ABSTRACT
Introduction
Drug efficacy and toxicity are important factors for evaluation in drug development. Drug metabolizing enzymes and transporters (DMETs) play an essential role in drug efficacy and toxicity. Noncoding RNAs (ncRNAs) have been implicated to influence inter-individual variations in drug efficacy and safety by regulating DMETs. An efficient strategy is urgently needed to identify and functionally characterize ncRNAs that mediate drug efficacy and toxicity through regulating DMETs.
Areas covered
We outline an integrative strategy to identify ncRNAs that modulate DMETs. We include reliable tools and databases for computational prediction of ncRNA targets with regard to their advantages and limitations. Various biochemical, molecular, and cellular assays are discussed for in vitro experimental verification of the regulatory function of ncRNAs. In vivo approaches for association of ncRNAs with drug treatment and toxicity are also reviewed.
Expert opinion
A streamlined integration of computational prediction and wet-lab validation is important to elucidate mechanisms of ncRNAs in the regulation of DMETs related to drug efficacy and safety. Bioinformatic analyses using open-access tools and databases serve as a powerful booster for ncRNA Research in toxicology. Further refinement of computational algorithms and experimental technologies is needed to improve accuracy and efficiency in ncRNA target identification and characterization.
Abbreviations
ADME, absorption-distribution-metabolism and excretion; AGO, Argonaute; CLASH, crosslinking, immunoprecipitation, and sequencing of hybrids; CLIP, crosslinking and immunoprecipitation; DMET, drug metabolizing enzyme and transporter; FREMSA, Fluorescence-based RNA Electrophoretic Mobility Shift Assay; GEO, Gene Expression Omnibus; lncRNA, long noncoding RNA; MFE, minimum free energy; miRNA, microRNA; ncRNA, noncoding RNA; PAR-CLIP, photoactivatable-ribonucleoside-enhanced crosslinking and immunoprecipitation; RISC, RNA-induced silencing complex; shRNA, short hairpin RNA; siRNA, small interference RNA; TCGA, The Cancer Genome Atlas; UTR, untranslated region
Article highlights
Due to the complexity in regulatory mechanisms of noncoding RNAs, an integrative strategy combining dry-lab and wet-lab approaches can tremendously improve the efficiency in the investigation of ncRNA modulation of genes involved in drug efficacy and toxicity.
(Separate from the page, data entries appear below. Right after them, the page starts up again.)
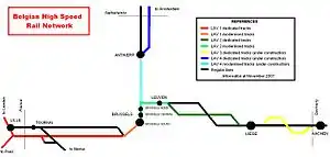 ![]() Mapa esquemático de la red belga de alta velocidad a noviembre de 2007.[1] | ||||||||||||||||||||||||||||||||||||||||||||||||||||||||||||||||||||||||||||||||||||||||||||||||||||||||||||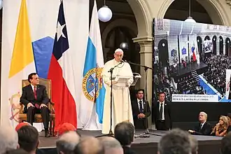 - ↑ «Papa vuelve a mencionar tema indígena en discurso en la Universidad Católica». La Tercera. 17 de enero de 2018. Consultado el 19 de enero de 2018.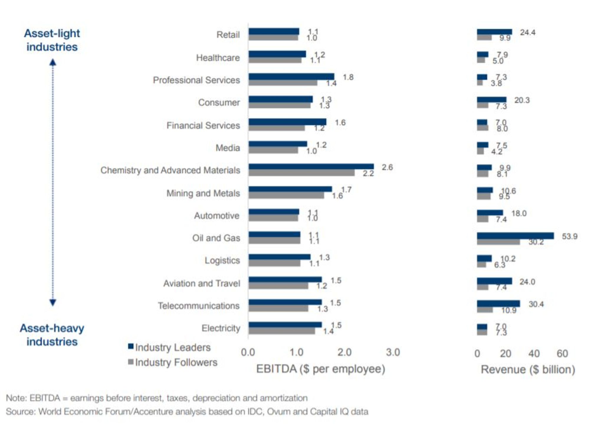 Allerdings ziehen Unternehmen sehr unterschiedliche Nutzen daraus. In jeder Branche kristallisiere sich meist ein oberes Fünftel heraus, das aus Produktivitätssteigerungen dank digitaler Technologien den größten Mehrwert schöpfe, fand eine neue Studie des World Economic Forum heraus . Andere in der Branche drohten abgehängt zu werden. In einer Zwei-Klassen-Gesellschaft könnten insbesondere kleine und mittlere Unternehmen im Wettbewerb die Verlierer sein.

Bioinformatic analysis of ncRNA:target binding characteristics is a powerful and cost-efficient tool for ncRNA target identification before wet-lab validation.
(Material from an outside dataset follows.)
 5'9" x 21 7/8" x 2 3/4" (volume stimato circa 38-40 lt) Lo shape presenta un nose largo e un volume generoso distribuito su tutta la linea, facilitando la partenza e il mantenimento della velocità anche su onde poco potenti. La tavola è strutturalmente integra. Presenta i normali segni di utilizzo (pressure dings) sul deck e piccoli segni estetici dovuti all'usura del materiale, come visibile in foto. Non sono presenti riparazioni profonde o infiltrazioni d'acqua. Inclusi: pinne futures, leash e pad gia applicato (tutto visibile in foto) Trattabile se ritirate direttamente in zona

The use of a combination of wet-lab techniques, such as luciferase reporter assays, functional characterization, and in vivo drug induction, may help overcome the limitations of each assay and allow scientists to obtain conclusive findings.
Declaration of interest
All authors are US Federal Government Employees. The authors have no other relevant affiliations or financial involvement with any organization or entity with a financial interest in or financial conflict with the subject matter or materials discussed in the manuscript apart from those disclosed
Reviewer disclosures
A reviewer on this manuscript has disclosed being an employee of Certara and a stock holder of Johnson and Johnson shares. Peer reviewers on this manuscript have no other relevant financial relationships or otherwise to disclose.
Disclaimer
The views presented in this article do not necessarily reflect those of the U.S. Food and Drug Administration. Any mention of commercial products is for clarification and is not intended as an endorsement.